Researchers Discover Gene Targets In Emery-Dreifuss Muscular Dystrophy
By C. Rajan, contributing writer
An international team of researchers has just discovered new genetic targets responsible for an incurable muscle-wasting disease, Emery-Dreifuss muscular dystrophy (EDMD).
Led by investigators at the University of Leicester, the researchers found two new target genes, SUN1 and SUN2, for EDMD, which opens the possibility of developing potential drugs to treat this debilitating disease. The University of Leicester team collaborated with research groups in University of Greifswald in Germany, the Institute of Molecular Genetics in Italy, and Columbia University, USA.
EDMD is a rare inherited, progressive, muscle weakening condition which ultimately leads to muscle wasting, joint stiffening, and heart problems. So far, only six genes responsible for EDMD have been identified. Despite rigorous screening, at least 50 percent of patients with EDMD do not show any detectable mutations in the six identified genes. This research study has now discovered two more genes linked to the disease.
According to the researchers, EDMD is caused by mutations in one of several genes that are responsible for producing proteins that form a structural scaffold for each cell's nucleus containing the DNA.
Sue Shackleton, lead researcher at Leicester and senior lecturer in Biochemistry, said, "Our research has identified two new genes, SUN1 and SUN2, that are responsible for causing EDMD in some of these individuals. The proteins produced by these genes also form part of the structural scaffold of the nucleus. Importantly, we have identified a novel way in which these mutations act in muscle cells. Further research is now needed to investigate this new potential disease mechanism and to increase our understanding of how nuclei are positioned in normal muscle cells, but our findings offer the possibility for a novel drug target for the treatment of this disease in the future."
Shackleton also says that EDMD affects around 1,000 people in the U.K. The symptoms of muscle wasting and joint stiffening begin in early childhood and worsen over time. By adulthood, most individuals also develop heart problems, increasing their risk of heart attacks. At the moment there is no cure for this disease and no effective treatment for the symptoms.
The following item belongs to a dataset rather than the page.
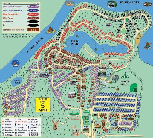 Got lucky, booked through Thousand Trails (Trails collection/ Encore) at the last minute and got a good level pull through RV site for opening weekend with full hookups including water 50amp or 30 amp electric and sewer. Popular for RV Campers. But nice tent sites near the river in a pine covered loop of this large campground. There are planned activities and fun kids all day. My dog enjoyed the dog park. Bring your walking shoes and enjoy along walk around the large campground or rent a golf cart for the day and get there faster. Recommed bikes. Looking forward to coming back.
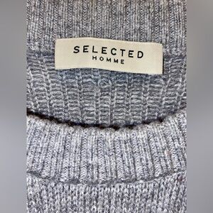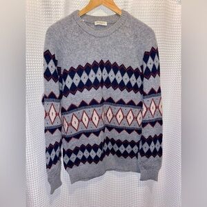 2/49$ Men’s SELECTED Fair Isle Raglan-Sleeve wool blend grey Sweater Sz Large

Marita Pohlschmidt, Director of Research at the Muscular Dystrophy Campaign, said, "We welcome the encouraging results of this study, which has identified two new genes which can cause Emery-Dreifuss muscular dystrophy. In the future, this will give more people an accurate genetic diagnosis, helping them to understand the risk of passing it on to their children and to make informed choices with regards to planning for a family. An accurate genetic diagnosis also means that patients will receive more precise information about the prognosis of the condition. Most importantly, a better understanding of the condition is crucial for the development of treatments for this complex and devastating condition."
The work was published last week in the journal PLOS Genetics.